Last year I started using Bullet Journal, which the guys at the source can explain far better than I, with a great deal of success.  I used a pocket sized Moleskine which I could take anywhere and it has helped keep track of what I’m meant to be doing long term and when.  The only irritation I found with it was that I tend to plan more than a month ahead so in my 2014 notebook I’ve written out January to December on pages 1 – 24 so my entire year is in one place and after that it follows the same idea as standard.

For my bigger projects I’ve long liked the idea of Kanban but I like to make notes and flesh out ideas in notes so using sticky notes to track the task as well as a separate notebook to track details of the task seemed a pain in the backside.  On the walk back from lunch today an idea, OneNote!

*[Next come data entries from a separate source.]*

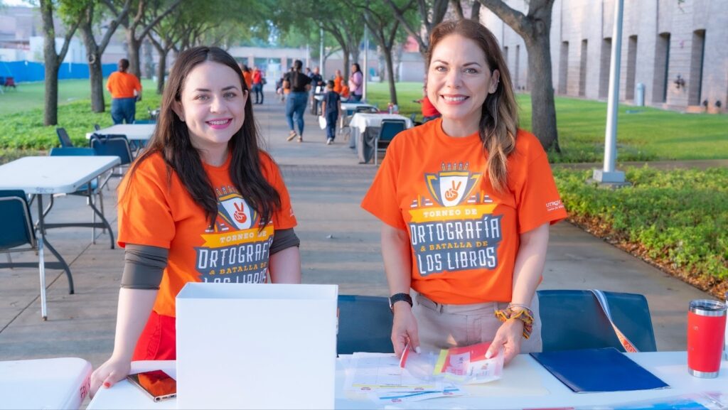 Volunteers assist with registration for the Torneo de Ortografía y Batalla de los Libros at The University of Texas Rio Grande Valley, welcoming participants as they arrive to compete.
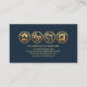 En krävande professionell, en modern rörmokars affärskort. En vatten-droppdesign överst avgränsas från ett blått lagrar nedanför med en faux guld-linje. Att riva denna framgångslinje i guld är en guld-logotyp som man kan använda. Er prestigefyllda namn, befattningens titel och en slogantitel är över vid högernas vägg. Bara under detta finns affärsuppgifterna namn och kontaktuppgifter. På andra sidan, i ett mörk blått täckmantel, finns en guld-logotyp som består av fyra ikoner som kan representera några av de tjänster som du tillhandahåller. Detta följs av er prestigefyllda namn, kontaktinformation och ett sloganalternativ för att publicera dina tjänster. En underbar utformning för rörmokare. #plumbers #plumbering #plumbingprovider #plumbingservice #plumbingreparation #pipe #vattenpipe #pipefitter #faucet #homeplumbering #zazzlemade
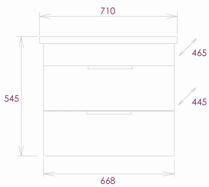 Размеры тумбы без учета раковины 67х44х50 см.
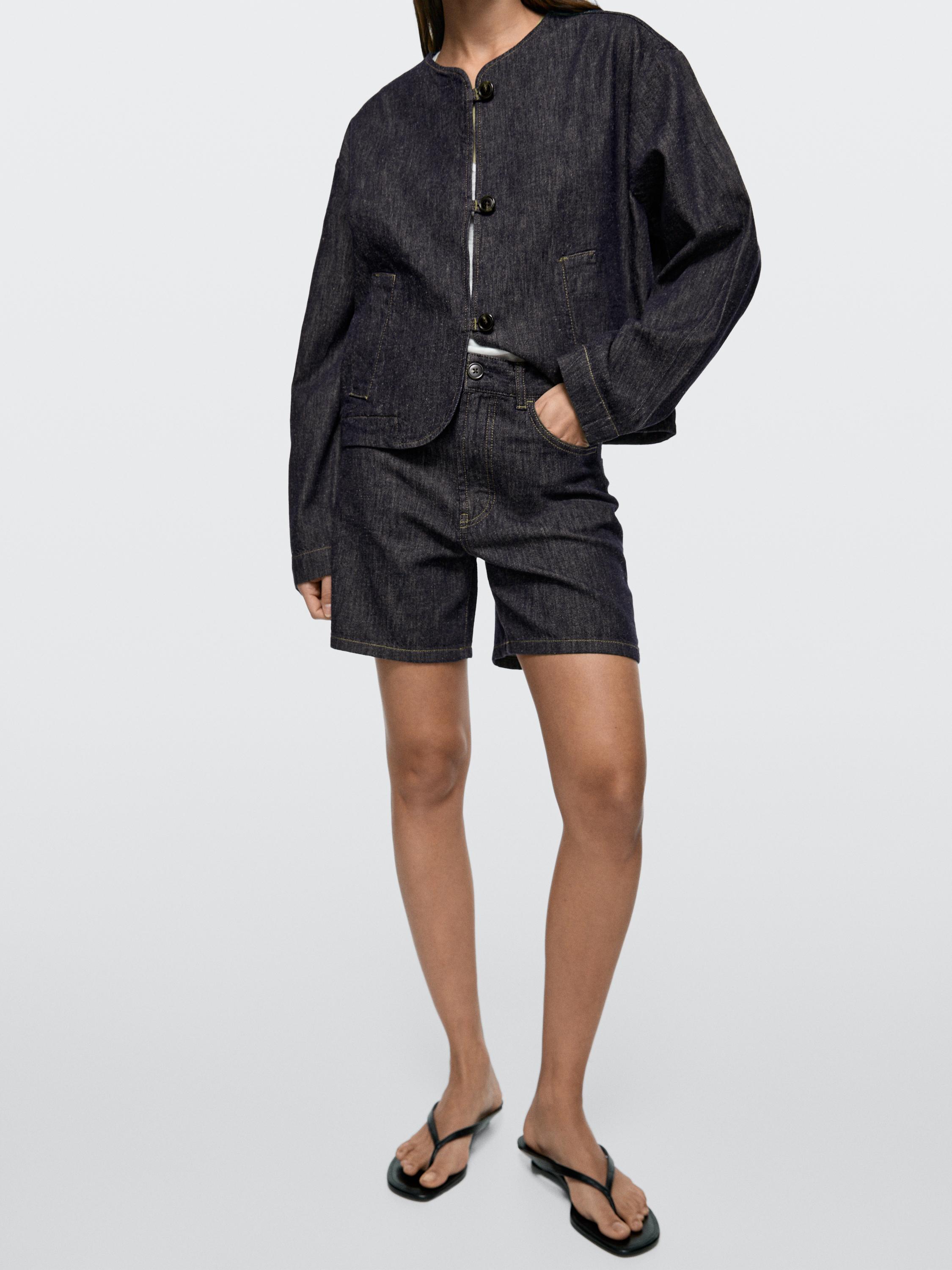Massimo Dutti Джинсовые шорты со средней посадкой, темно-синий
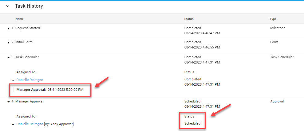 Note: By coupling the Task Scheduler with a Launch Request task type, users can schedule a new request (instance of a process) to start. You can also use the Form Assigner task type to allow users to schedule the start dates of future tasks. The only difference being is that this Task Scheduler allows the user to also choose the hour and time zone that the future task will start.

OneNote is a fantastic application, when it was initially pushed out at Microsoft it was a little bit of a pain but once coupled with FolderShare it became brilliant.  This pre-precursor to SkyDrive allowed notebooks to be sync’d across multiple machines via the internet which made the product very useful and with the later versions this is done automatically via SkyDrive.  I’ve been using OneNote for years for keeping track of ideas and research but using it as a Kanban board never occurred to me for long running tasks.  It turned out to be as simple as this;

OneNote Kanban

Create a new notebook called whatever you want, create a section for each state and a page per task.  The three in “In Progress” denotes the WIP (work in progress) limit and as a task changes state simply drag it to the relevant section, job done.  I think the two concepts will work quite well together as I can make a note on the go in my bullet journal notebook and when I get home add it to my backlog if it’s a longer term task or just do it if its a short one.  To handle the context switch between the two I’ve added a market to the bullet journal scheme which is a ‘K’, this denotes the task has been moved to my Kanban backlog and can be ignored from the perspective of the journal.

The journaling technique is working far better for me than the Master Planner or The Chain ever did insofar as I’m still using the journal six months later and as I use OneNote on a daily basis fingers crossed it’ll help too.  Time will tell!  If nothing else it’s a good place to throw all my ideas.